PR #2521: refine xinference
PR #2520: refine retrieval of multi-turn conversation
PR #2517: make excel parsing configurable
PR #2515: refactor(API): Split SDK class to optimize code structure
PR #2511: rm key set in xinference
PR #2510: fix self deployed llm lost
The PRs reflect a robust development process characterized by:
Active Maintenance and Feature Development: The frequency and variety of PRs indicate ongoing efforts to enhance RAGFlow's capabilities. Recent PRs focus on refining existing features, optimizing performance, and introducing new functionalities like configurable Excel parsing and improved multi-turn conversation handling.
Community Engagement: Contributions from various developers suggest a vibrant community involvement. The quick turnaround from PR creation to closure/merging indicates an efficient review process, likely facilitated by active maintainers who are responsive to community contributions.

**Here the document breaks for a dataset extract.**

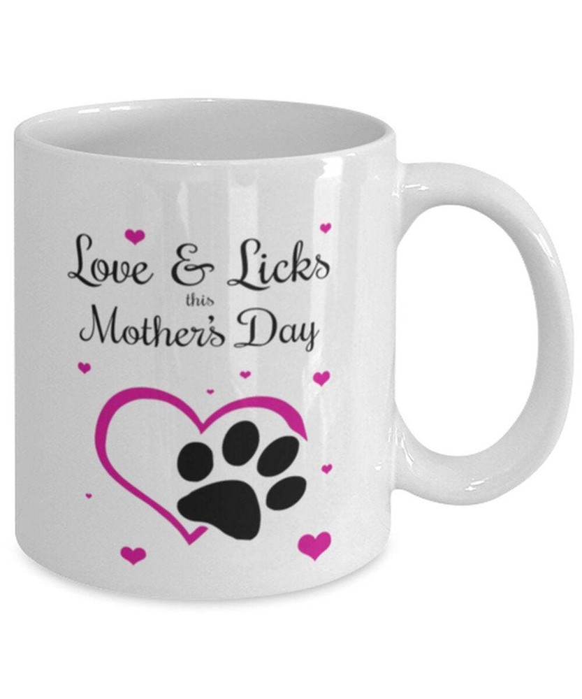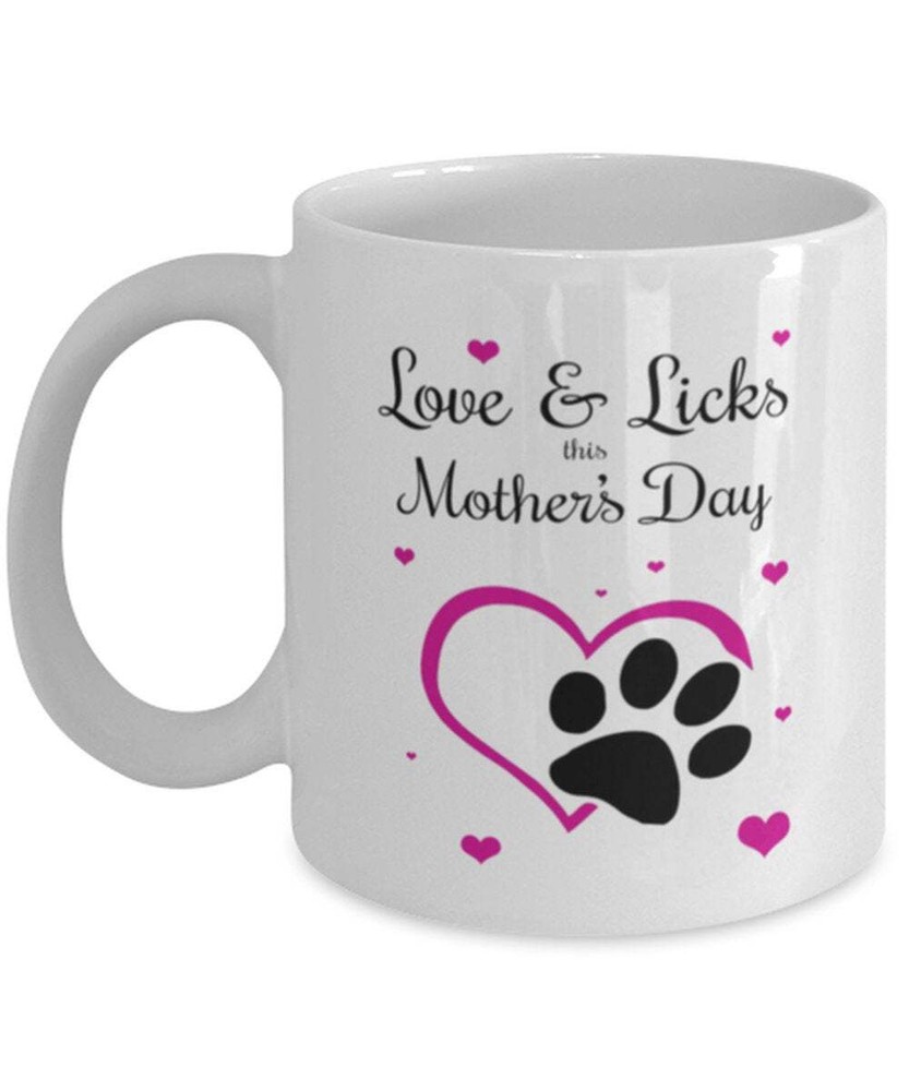 Dog Mom Funny Coffee Mug Love And Licks On Mother's Day Dog Mother's Day Gift Product Details.. This high quality 11oz. ceramic white mug has a premium hard coat that provides crisp and vibrant color reproduction sure to last for years. Perfect for all hot & cold beverages. The highest quality printing possible is used. It will never fade no matter how many times you wash it. Material: 100% Ceramic. Print both sides. Dishwasher and Microwave Safe. High Gloss + Premium White Finish. Printed in the U.S.A. Personalized & Custom. We support personalized and custom mug to add custom, when placing an order, you can add notes to the "order note" in shipping address section. Also you can contact us directly via message. Shipping Info. Ready to ship in 1 to 2 business days, All products are made-to-order and proudly printed in the United States. Shipped by USPS and DHL, You will receive your order in 5-7 days. Replace & Refund. All products are defective during shipping broken, chipped will be replaced free of charge. You are not satisfied with the product, we will refund 100% money to you. If any other issues arise, please do not hesitate to message, we would be more than happy to assist you.

Focus on Quality and Optimization: Several PRs aim at refactoring code for better structure, readability, and performance. This is evident from PRs like #2515, which splits SDK functionalities for clarity, and PRs addressing specific bugs or optimization opportunities (#2511, #2510).
Adaptation to User Needs: The introduction of configurable options (e.g., Excel parsing) shows responsiveness to user feedback or requirements. This adaptability is crucial for maintaining relevance and usability in diverse application scenarios.
Technical Challenges and Solutions: The presence of bug fixes (#2511, #2510) alongside feature enhancements highlights ongoing technical challenges that the development team is actively addressing. This is a normal part of software evolution but requires diligent effort to ensure stability alongside growth.
In conclusion, RAGFlow's development activity as reflected in these PRs demonstrates a healthy project lifecycle with active contributions aimed at enhancing functionality, optimizing performance, and ensuring quality through rigorous maintenance efforts.
Kevin Hu (KevinHuSh)
Alvin Cage (AlvinCage)
Chenbing (muzilib)
Yungongzi (yungongzi)
Fachuan Bai (baifachuan)
Feiue (liuhua)
JobSmithManipulation
Dada Hsueh (dadahsueh)
Michał Kiełtyka (Defozo)
Writinwaters
Guoyuhao2330 (lidp)
Hangters (黄腾)
Other contributors include Chunshan-Theta, fashioncj, LiuHao-1443, yangboz, dearjane, netandreus, hwzhuhao, Valdanitooooo, with varying contributions primarily focused on bug fixes and feature enhancements.
Overall, the development team is actively engaged in enhancing the RAGFlow project through collaborative efforts focused on both fixing existing issues and implementing new features.